If you look at the most anxious people in our poll – the top 100 in our Marketplace Economic Anxiety Index – they have a lot in common, said Larry Rosin, president of Edison Research. A majority are 35- to 54-year-olds.
“Thirty-five to 54 is when people often have children that they’re providing for,” said Rosin.
Sometimes they’re also supporting their parents.
“And they have this looming cliff of impending retirement sort of out there,” Rosin added.
No wonder they’re anxious.
Take 53-year-old Ira Baron. He took our survey. And while he isn’t in the top 100, he’s facing many of those challenges.
He lives near Annapolis, Maryland, with his wife, Sharon Simon, and two kids. He agreed to sit down and chat about his answers to our poll.
We head into his cozy family room, and sit down in front of a crackling fire. Ira talks about what it’s like to be in the most worried group of our poll respondents — the 35 to 54-year- olds. He says it’s as if he’s on a plane with his family. Behind him are clear skies. But he’s looking out the window now, “and recognizing, for the first time, that there’s, sort of a cloudy ceiling.” he said. “I can’t see the sun right now.”
Ira’s got a good job. He’s a senior IT executive. He doesn’t have to worry about his parents or Sharon’s.
But he does have children to provide for: a 12-year-old son and 15-year-old daughter, who’s just starting to think about where she wants to go to college.
“I don’t know what college is going to be like,” Ira said. “I don’t know what it’s going to cost. So, it’s cloudy. I can’t see through it.”
Then there’s retirement.
“I don’t know what retirement looks like because I haven’t really thought about it yet,” he said. “So it’s cloudy.”
So it’s a double layer of clouds, because like many of our 35- to 54-year-olds, Ira is having to plan for college tuition and retirement at the same time. His wife, Sharon walks in.
“We don’t have a breather in between the two,” she said. “They’re smack dab on top of each other.”
Ira wants to be able to pay for at least part of his kids’ college tuition.
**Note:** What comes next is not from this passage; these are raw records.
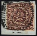 1853. 4 RBS Thiele II, blackbrown. Copy on small piece with scarce insurrection cancel 19 “KIELER BAHNHOF”. Opinion CAM [ 1IIa ] [ Δ ]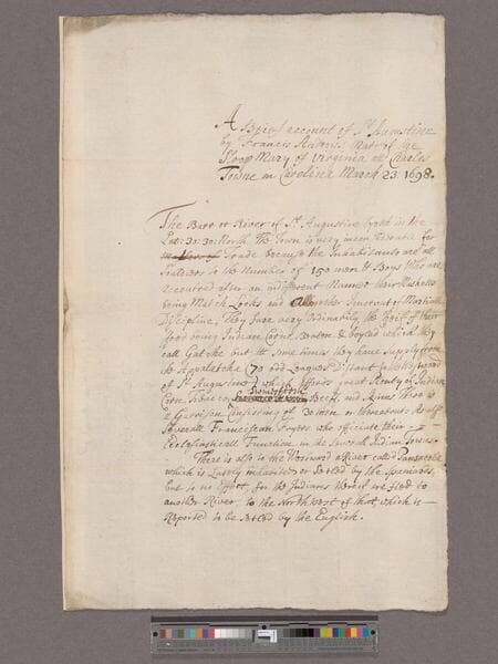 Andrews, Francis. [To Edward Randolph] : A Brief account of St. Augustine by [the] Mate of the Sloop Mary of Virginia att Charles Towne in Carolina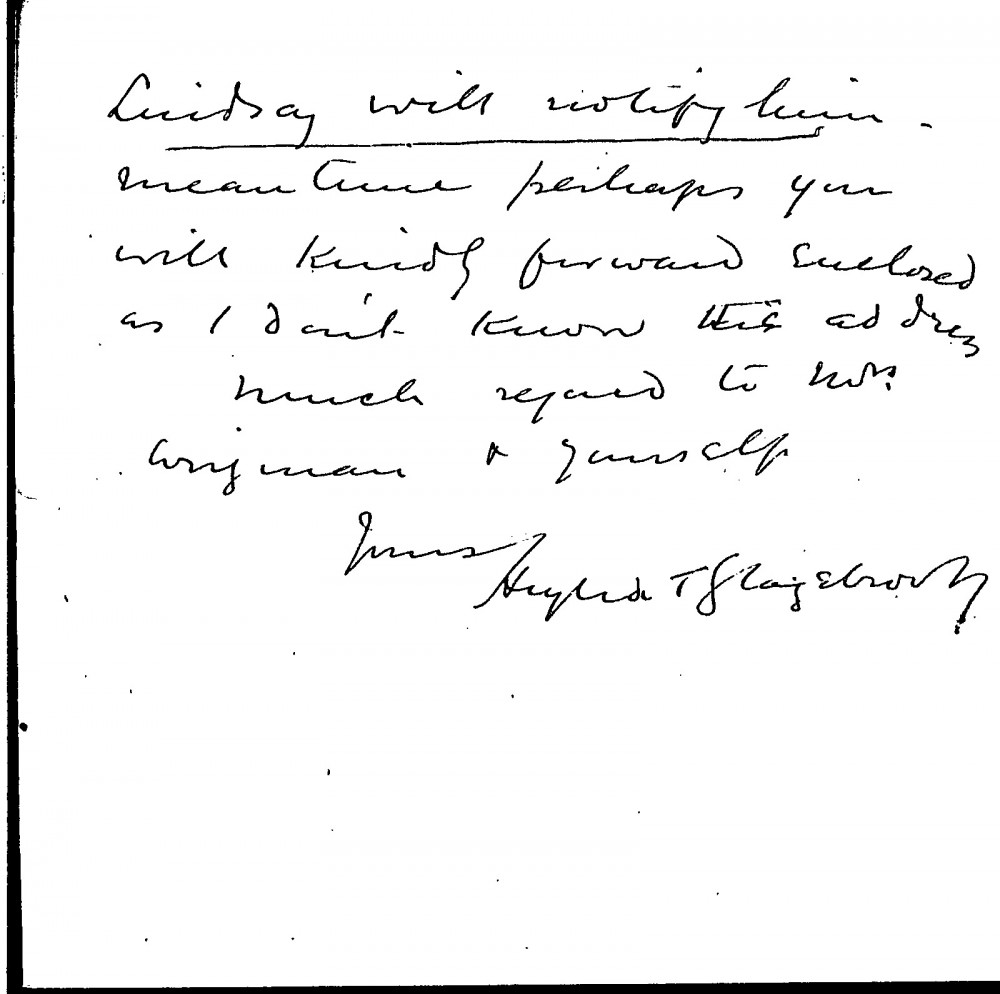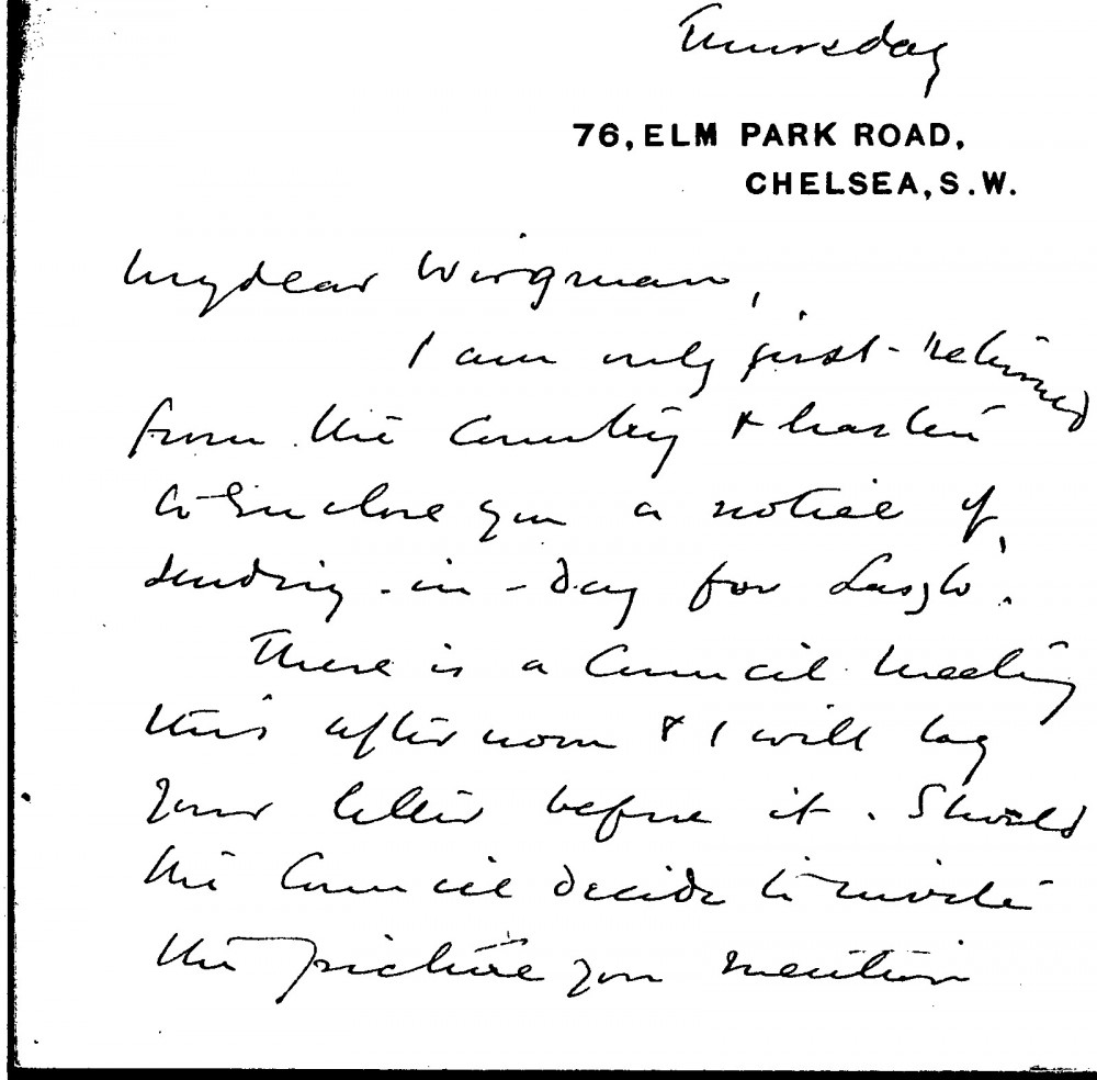 Correspondence between the two painters, Hugh de Twenebrooks Glazebrook and Theodore Blake Wirgman, concerning a sending-in-day notice for a painting by de László, which Wirgman has mentioned to Glazebrook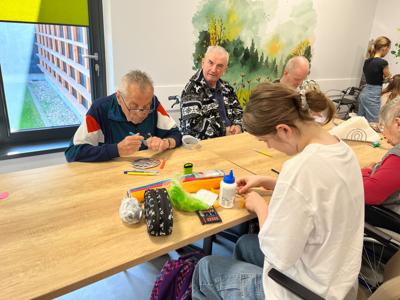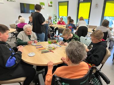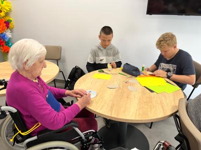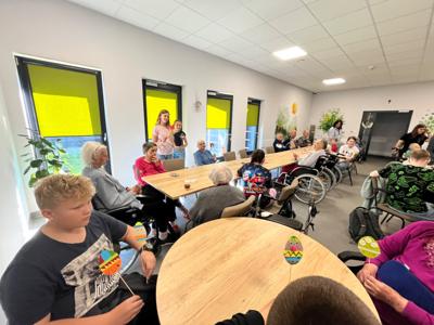 W dniu 16 kwietnia uczniowie klasy 6b udali si臋 do 偶migrodzkiego Centrum opieku艅czo - mieszkalnego aby wsp贸lnie z mieszka艅cami przygotowa膰 艣wi膮teczne ozdoby. Cho膰 r贸偶nica wieku pomi臋dzy uczniami a mieszka艅cami o艣rodka by艂a bardzo du偶o wszyscy znale藕li wsp贸lny j臋zyk i stworzyli wyj膮tkowe wielkanocne ozdoby. To by艂 bardzo mile sp臋dzony czas i bardzo ciekawe do艣wiadczenie dla wszystkich uczestnik贸w spotkania.

But, back to our plane analogy, he has to put his oxygen mask on first; Ira won’t use his retirement for tuition,which, for two kids, can be more expensive than buying a house.
And speaking of housing, Ira said they weren’t hit by the housing crisis. But it did get his attention.
“While it was a foregone conclusion to me before that you buy a decent house in a nice neighborhood and you’re going to get out ahead, there’s no longer that guarantee, so part of our economic projection I see being at risk in ways that I had not before the recession,” he said.
Ira said they were hit hard by the stock market crash. And he’s still trying to repair the damage to his retirement account.
But here’s the thing: He’s not paralyzed with worry. As I’m leaving, he and Sharon actually thank me for making them think about all these things.
And Ira said he will eventually see the sun out of the plane window again.
“It’s that cloud cover we have to get through, right?” he said. “Once we’re out I think we’ll be fine. All of us.”
Ira said it’s actually a luxury to be able to plan, to have money to set aside, for a future without turbulence.